OpenHI: Open platform for histopathological image annotation




https://doi.org/10.1504/IJDMB.2019.101393

Puttapirat, P., Zhang, H., Deng, J., Dong, Y., Shi, J., Lou, P., Wang, C., Yao, L., Zhang, X., Li, C. (2019). OpenHI: Open platform for histopathological image annotation. International Journal of Data Mining and Bioinformatics, 22(4), 328–349.

Abstract: Consolidating semantically rich digital histopathological image by annotating scanned glass slides known as whole-slide images requires a software capable of handling this type of biomedical data and a support for procedures which align with existing pathological routine. Demand for large-scale annotated histopathological datasets are on the raise because they are needed for developments of artificial intelligence techniques to promote automatic diagnosis, mass screening, or phenotype-genotype association study. This paper presents an open platform for efficient collaborative histopathological image annotation with standardized semantic enrichment at a pixel-level precision named OpenHI—Open Histopathological Image. The framework’s responsive processing algorithm can perform large-scale histopathological image annotation and serve as biomedical data infrastructure for digital pathology. It is highly configurable and could be extended to annotate histopathological image of various oncological types. The framework is open-source and fully documented. It is publicly available at https://gitlab.com/BioAI/OpenHI.

OpenHI2 – Open source histopathological image platform




Puttapirat, P., Zhang, H., Deng, J., Dong, Y., Shi, J., He, H., Gao, Z., Wang, C., Zhang, X., Li, C. (2019). OpenHI2 – Open source histopathological image platform. 2019 IEEE International Conference on Bioinformatics and Biomedicine (BIBM), xxxx–xxxx.
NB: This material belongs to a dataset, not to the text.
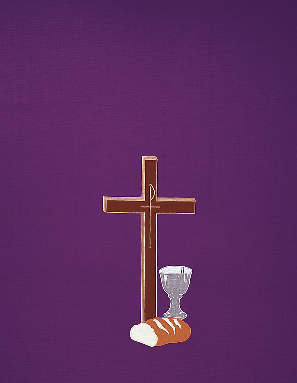 The 5270 The Last Supper lectern scarf is an applique with satin-stitch embroidery featuring a pole pocket for fastening the piece to furniture. Fabric at top of table is made of off-white linen. Made in the USA. This lectern scarf can be purchased in many different fabrics and patterns. See the fabric on the "Content" tab below to determine what material each fabric/pattern is made of. Choose the fabric/pattern from the drop down menu above to determine pricing. Comes in standard size - 20" width (left to right) x 20" depth (top front to back) x 20" drop (area hanging in front). May be ordered in custom sizes. Please call our custom sales team at 1-800-237-7511 for additional help. **This product is custom made to order and therefore non-returnable. Please allow up to eight weeks for delivery**

Abstract: Transition from conventional to digital pathology requires a new category of biomedical informatic infrastructure which could facilitate delicate pathological routine. Pathological diagnoses are sensitive to many external factors and is known to be subjective. Only systems that can meet strict requirements in pathology would be able to run along pathological routines and eventually digitized the study area, and the developed platform should comply with existing pathological routines and international standards. Currently, there are a number of available software tools which can perform histopathological tasks including virtual slide viewing, annotating, and basic image analysis, however, none of them can serve as a digital platform for pathology. Here we describe OpenHI2, an enhanced version Open Histopathological Image platform which is capable of supporting all basic pathological tasks and file formats; ready to be deployed in medical institutions on a standard server environment or cloud computing infrastructure. In this paper, we also describe the development decisions for the platform and propose solutions to overcome technical challenges so that OpenHI2 could be used as a platform for histopathological images. Further addition can be made to the platform since each component is modularized and fully documented. OpenHI2 is free, open-source, and available at https://gitlab.com/BioAI/OpenHI.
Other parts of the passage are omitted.